How to Troubleshoot Unreliable or Malfunctioning Hardware

CPU IconMy post on Intel X710 NICs being awful has triggered a lot of emotion and commentary from my readers. One of the common questions has been: so I have X710 NICs, what do I do? How do I troubleshoot hardware that isn’t working right?

1. Document how to reproduce the problem and its severity. Is it a management annoyance or does it cause outages & downtime? Is there a reasonable expectation that what you’re trying to do should work the way you expect? That might seem like an odd question, but sometimes other people do the procurement for (and without) us and there are gotchas they didn’t think to ask about.

In my case with the X710s I felt I had a reasonable expectation that the machine would stay up and that standard features like LLDP, which worked fine with other NICs, would work on these.

Being able to reproduce a problem is key. Intermittent issues are really hard to deal with. Get screen shots of the behavior, of the consoles, of the BSODs & PSODs. Get crash dumps if you can.

2. Check the Hardware Compatibility List for the particular OS and hardware you’re trying to use. Make sure it’s on there. If not, you might not have much success in getting support. The HCL might also have clues about driver levels and settings, too.
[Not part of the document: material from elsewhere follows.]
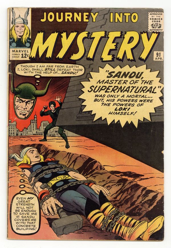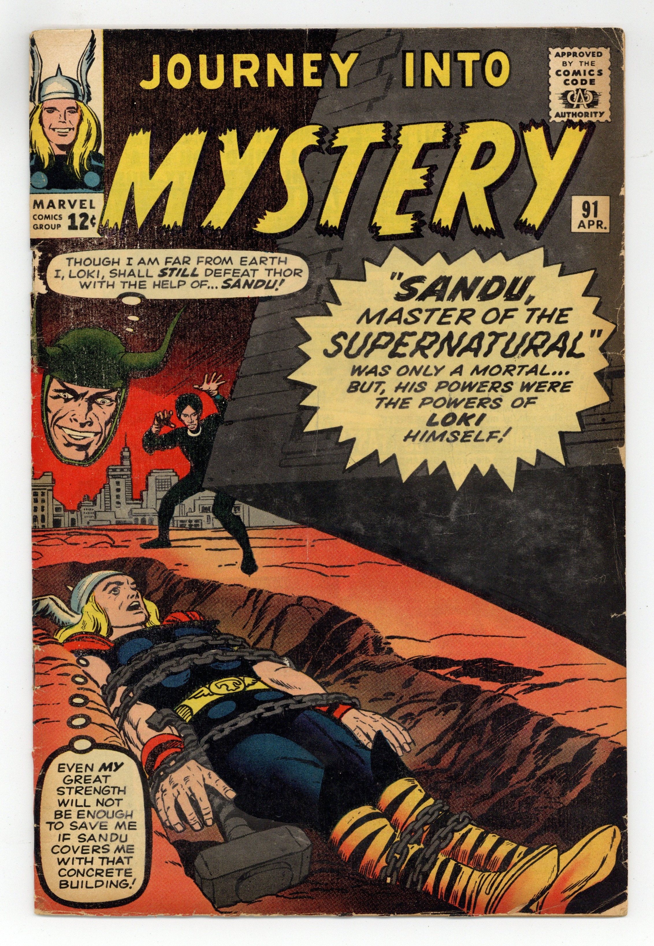 Cover pencils by Jack Kirby, inks by Dick Ayers. "Sandu, Master of the Supernatural!", script by Stan Lee (plot) and Larry Lieber (script), art by Joe Sinnott; Loki gives a greedy carnival mystic magical powers in order to use him to attack Thor; Thor is overcome in their first battle, but with the help of Odin and his belt of strength he defeats Loki's pawn; Jane Foster appearance; first appearance of Odin's Valkyries (cameo). "The Party" text story. "The Seedlings," script by Stan Lee (plot) and Larry Lieber (script), pencils by Larry Lieber, inks by Sol Brodsky; Alien spores land on Earth and bloom into telepathic plants that would have conquered the world had they not been eaten by crows. "The Manikins!", script by Stan Lee, art by Steve Ditko; An odd man works with the manikins in a department store, but becomes upset when one of the female manikins is to be put in a bridal display; The employee disappears and the groom is replaced with a manikin that looks just like him. 36 pgs., full color. Cover price $0.12.

3. Check the vendor knowledge bases. At the time I was fighting the X710 issues there were no articles about it but now there are, and there are some suggested workarounds.

4. Update the firmware to the latest levels. You should be doing this already as part of your patching process. If you’re having issues your vendor’s support is going to ask you to do this anyhow, so might as well get ahead of it. Do it on the whole machine, not just the malfunctioning component, because sometimes the problem is an interaction somewhere else.

5. Update the driver to the latest levels. The VMware HCL often lists newer drivers you can apply via Update Manager. Try applying one of those. Sometimes a vendor like Intel will supply a newer driver than a server vendor like Dell will qualify. I usually try to stick with what the vendor who sold me the server has for drivers. For Dell & VMware, that often means installing with and/or remediating to the Dell customized ESXi ISO.

6. Update the OS to the latest levels. Again, you should be doing this for security reasons but on the off-chance you aren’t patched up to the latest levels do it and see if the problem persists. Support is going to ask you to do this anyhow. This isn’t saying you need to upgrade to Windows Server 2016 from 2012R2 or anything, just be at current releases of 2012R2. Of course, if you have the opportunity to test against another OS like that it might be a useful data point.

7. Open a support case with your vendor. Let them help you, or at least get it on record that there are problems. Ask for escalation if there isn’t timely progress.

8. Let your sales team know that you are having problems. Ask them how long you have to return the equipment since it isn’t performing correctly. Let them know you opened a support case. Let them know you need escalation because the support folks aren’t resolving your problems. Sales teams want you to be successful, and they absolutely don’t want the equipment returned so they’ll lean on their technical resources to fix your problem.

9. Let your management know that you are having problems. Often, vendors will be having separate conversations with management around business goals and whatnot. Executives need to know that a vendor isn’t delivering on their promises. I guarantee that the vendor isn’t going to bring it up in conversation so you need to. Besides, most executives & managers I know love a way to derail a sales pitch.

This is also very important if this equipment needs to be installed and operational in certain timeframes. Management might need to adjust project timelines, reset customer expectations, or do some damage control. Get ahead of it.

10. Let your purchasing people know that you are having problems. If this is new equipment they might want to get involved before they pay the vendor, or stop payment until this is resolved. Governmental & SLED entities sometimes have other mechanisms of recourse under their vendor contracts which can be very helpful.

11. Don’t be afraid to tell the vendor that their ideas aren’t an acceptable fix. For example, the LLDP problems on X710 cards have a fix in newer drivers, but it’s completely manual, and will not work if your card is partitioned.

If you need the partitions then you’re stuck with no LLDP, which is crap. If you have a large cluster or value your time (and even if you don’t your employer probably does) a time-consuming, hard-to-maintain manual fix is unacceptable, too. You paid a price premium for X710 cards and you expect them to be fully supported & functional in your OS. Frankly, you could have paid less and had a NIC that actually worked as advertised out of the box.

12. Have someone high in your organization start the conversation around returning the equipment. This is basically the nuclear option, but you might have to do it. If you’ve done the other steps here this shouldn’t be a surprise. In my case with the X710s we said “it’s been three months with no resolution, we either need to return this equipment or get replacement NICs.” Because we’d worked through it and offered them a chance to resolve it, and there wasn’t a resolution, Dell did right by us and got us replacement Broadcom NICs. Problem solved.

Finding a way through situations like these is half linear troubleshooting and half good communications. Make sure you are doing both. Good luck!